Ленька и глаза вытаращил.
— О чем, гражданин следователь?
— А ты не знаешь, урюк сушеный? Рассказывай, как к побегу готовился. Как бежал. Кто соучастники. Все рассказывай…
Вот это да! Все взвыло тихо и страшно в Ленькиной душе. Сознание даже на какую-то минуту помутилось от злости. И тут же прояснилось сразу: взял Ленька себя в руки. Думать надо! Шурупить! Нешуточное сказал кум Пустоваленко.
Побег!
А теперь за побег — расстрел. Теперь, по военному времени, за все шлепают. За отказ от работы, невзирая на причину, — расстрел, за болтовню — расстрел, за побег — тоже. До войны за побег судили по 82-й статье и клепали всего два года к недосиженному. А теперь, собаки, придумали пускать по 58-й статье, пункт 14, как за саботаж, уклонение от трудового фронта. «Фашистскую» статью 58! В «фашисты» хотят произвести честного человека!
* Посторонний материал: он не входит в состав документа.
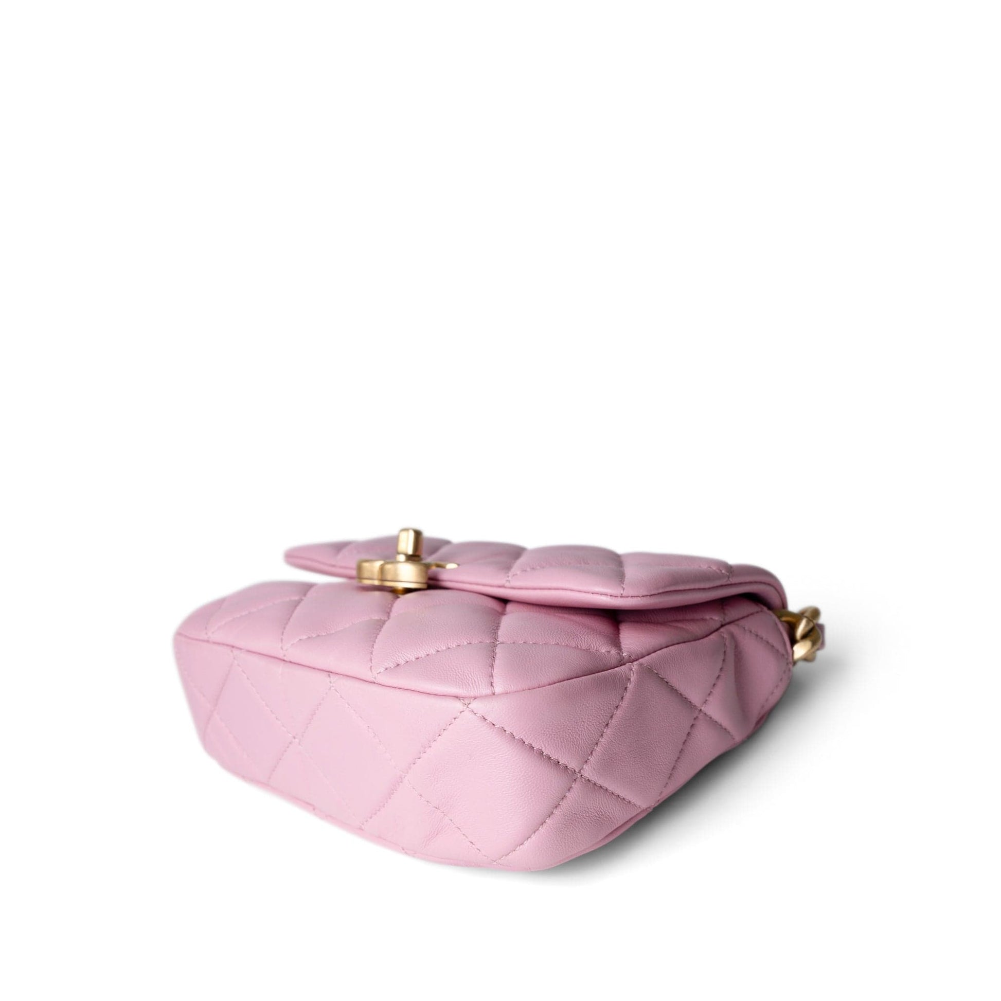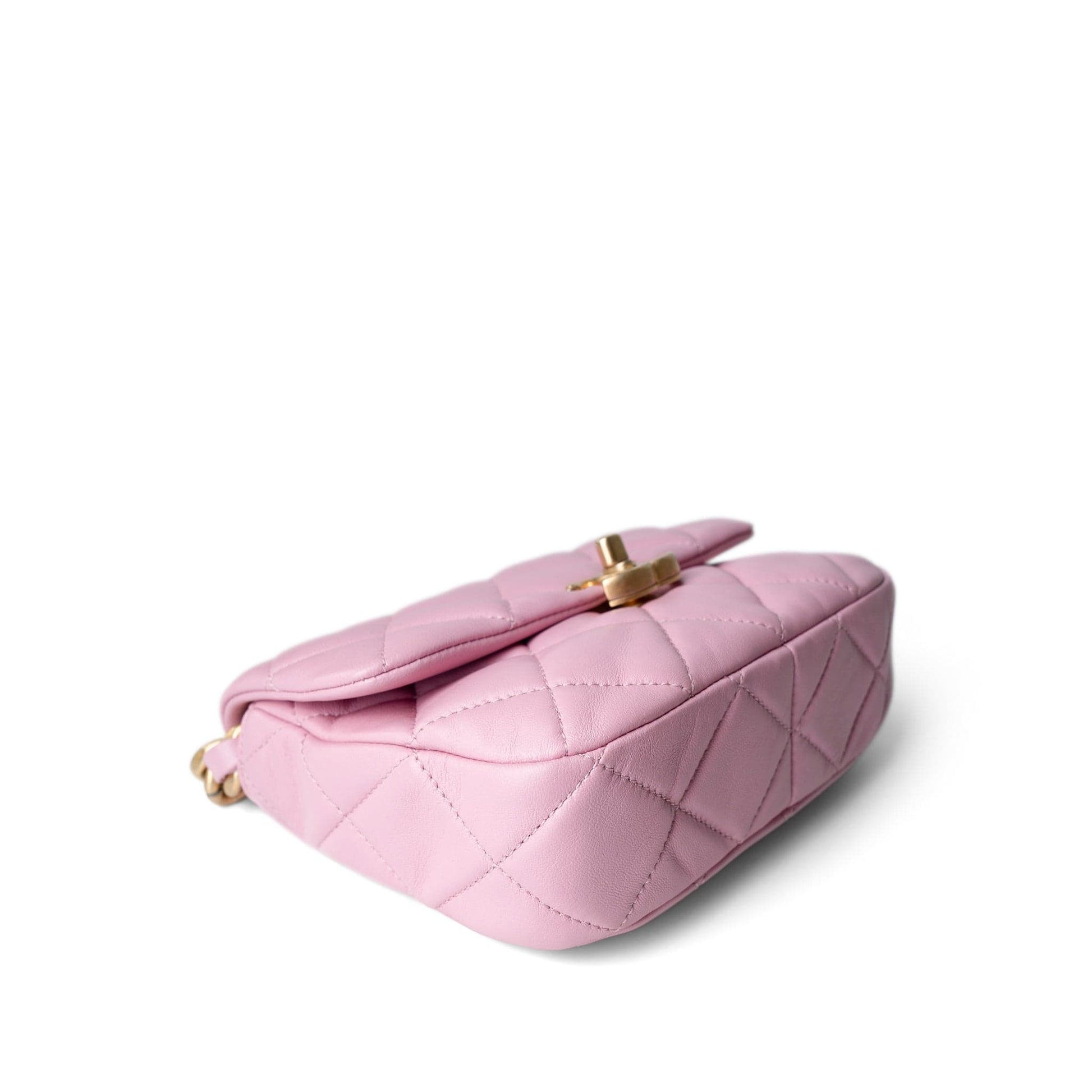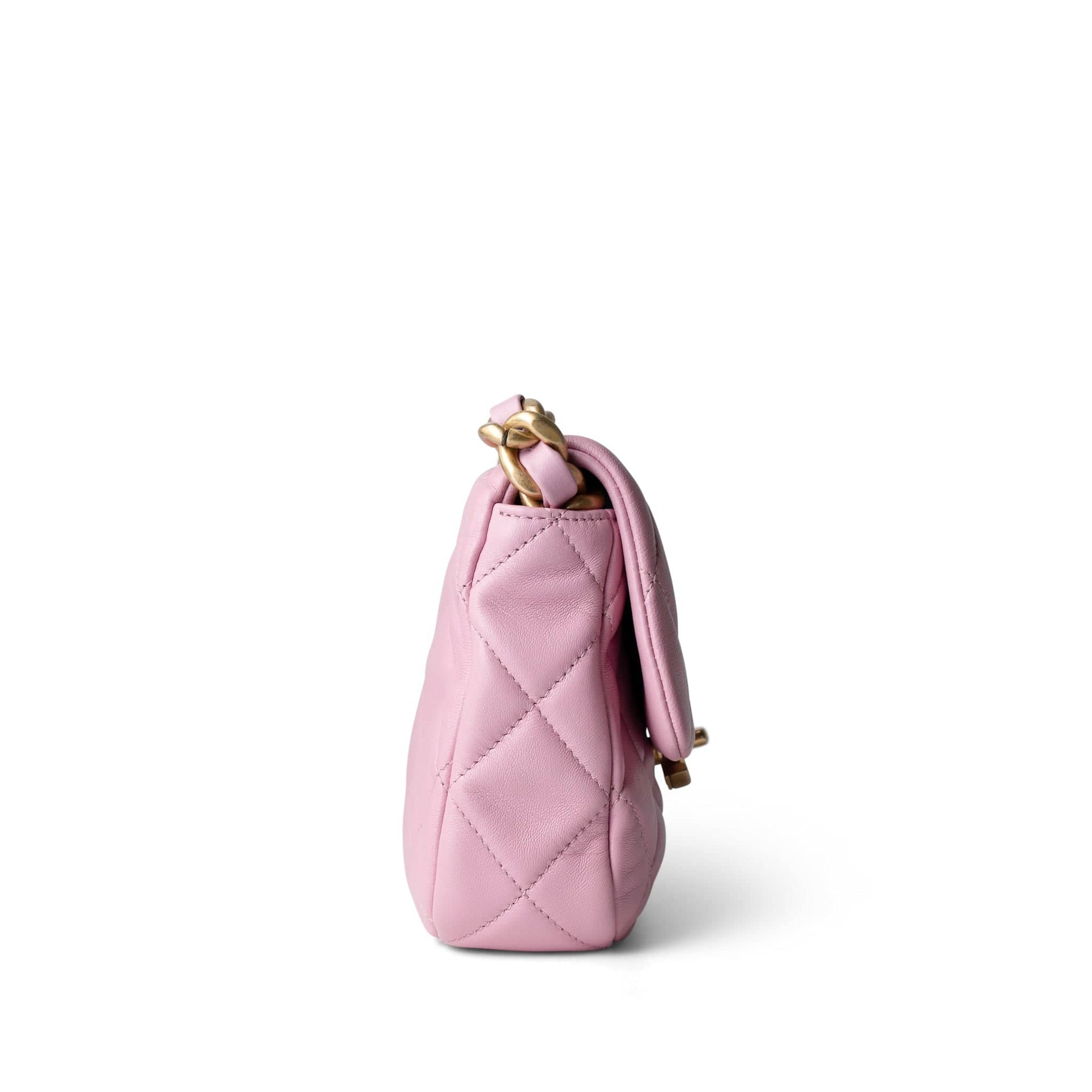 Pink Mini Lacquered Chain Lambskin Quilted Flap Aged Gold Hardware

Упулился Ленька на кума, понять его не может. Что же за человек перед ним и почему ему такие права дадены? Что, наконец, у него в башке?
Нет, а все же интересно Леньке: откуда их, таких вот, берут? Ну где их все-таки выращивают? Таких чистеньких, завитых-кудрявеньких под тройным одеколоном и — без единой заботы на челе?
В рабоче-крестьянской семье он вырос? Серп-молот рисовал в тетрадке? Манку в детяслях с ложечки ел? Клятву на верность народу в пионерском строю давал? Никакой помарки у него в воспитании, значит? А почему же он готов, не моргнув глазом, шворку накинуть на невиноватого?
Возможно, ему план такой дают: посадить, скажем, десяток живых душ за решетку за текущий квартал? А он трусит и потому выслуживается? Но ведь и тут тоже особую наглость надо иметь. Например, свою душу на золото ценить, а чужую и в грош не ставить, верно?
Или — почему он не задумается, когда ему говорят: расстреляй первого попавшегося под руку во славу великого Сталина? Или даже — во славу Советской власти? Неужели у него мозгов и настолько не хватает, чтобы спросить снизу вверх: «Если я всех перестреляю, то для кого же родимая Советская власть останется?» И почему именно есть такая необходимость, что ли, стрелять? Может, повременим? Изучим вопрос заново, обсосем, как говорится, всесторонне? Ведь мужиков и так много на фронте бьют, скоро их вообще не останется!
Нету мозгов у него, что ли?
Да брось финтить, Сенюткин! Есть у него мозги, в том-то и дело! Но — бессовестные, подлые, куцые мозги, в свое время сильно подраненные историей с Павликом Морозовым — да! Генетически подпорченные, как сказал бы доктор Харченко с лесоповала. И чтобы он ничего такого смутительного о своих делишках не думал, ему два лишних кубаря навесили в петлицу, зарплату надбавили не по чину, к литерному магазину прикрепили. А в пе-рес-пек-тиве, как он любит выразиться к случаю, — повышение, кабинет с кожаными креслами, расфуфыренная секретарша-подстилка по штатному расписанию, соцбытовые — окромя зарплаты с двойной путевкой в Новую Ривьеру. Да за это за все он заживо с тебя шкуру спустит, Сенюткин! И не только с тебя, ты-то для него — мелкая вошь! Другим он будет суставы ломать, образно говоря, — бить-то ведь не разрешено правилами! — другим, тем, которые грамотные, которые понимают, что так не должно быть, тем, кто родного отца еще не забыл, не предал! Вот тех-то он трижды в могилу положит, трижды притрамбует начищенными хромовыми сапогами, чтобы и духу от них не оставалось!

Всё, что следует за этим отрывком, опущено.